A la sordera, se agregaron muchas otras patologías, que fueron demostradas en el informe de la autopsia que se le efectuara  al día siguiente de su muerte  por los doctores Wagner y Rokitansky ,como cirrosis hepática,  nefropatía,  pancreatitis crónica y otros síndromes sin etiología demostrada, como sus alteraciones gastrointestinales, bronquiales, articulares y oculares. Todas estas patologías, que mellaron en forma intensa su vida, no hicieron más que acentuar su creatividad en la esfera intelectual y artística; pero, lamentablemente, la medicina de su época no tenía los recursos diagnósticos ni los tratamientos efectivos para aliviarlas, debiéndose resignar con los escasos recursos y esfuerzos de los médicos de su tiempo.

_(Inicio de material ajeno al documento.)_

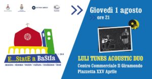 “E…state a Bastia” si sposterà Giovedì 1° Agosto al Centro Commerciale “Il Giramondo” – Piazzetta XXV Aprile (ore 21.00). Protagonisti della serata saranno Luisa e Marco Lombardoni; i due artisti – un duo acustico composto da chitarra e voce – si esibiranno proponendo in repertorio cover italiane e internazionali tra le quali i più grandi successi di Mina e dei Beatles.

El análisis de su historia médica parece llevar a la clara conclusión de que Beethoven falleció de insuficiencia hepática con una intensa ictericia (color amarillento de la piel por impregnación de bilis),que finalizara en coma hepático. Probablemente, tuvo también una septicemia final, con el antecedente de su ascitis fistulizada e infectada. Ésta causada probablemente por efectuársele varias paracentesis (drenajes abdominales por incisión quirúrgica) para drenar el líquido que se formaba en su cavidad abdominal. Es discutible si jugó algún papel en su muerte una insuficiencia renal y una diabetes descompensada.

En la actualidad, sin duda que su causa final de muerte se denominaría como una falla multisistémica, desencadenada por su insuficiencia hepática.A pesar de sus múltiples padecimientos, cualesquiera que hayan sido las causas y enfermedades que las produjeran, atormentaran y empobrecieran su vida física es sumamente  destacable que su tremenda creatividad musical no fuera sino producto de una genialidad artística superior que se elevó por sobre el padecimiento físico y ello lo llevó a ser uno de los más grandes compositores de todos los tiempos.

Siempre quedará la duda acerca de un Beethoven sin padecimientos físicos unidos a la genialidad intelectual y productiva que desarrollara más allá de sus padecimientos físicos. Nunca lo sabremos, pero la historia es así, un relato de lo que fue al servicio de una esperanza lo que llegara el hombre a ser, y no un relato como los historiadores quisiéramos que hubiera sido  al servicio de nuestras propias elucubraciones y deseos.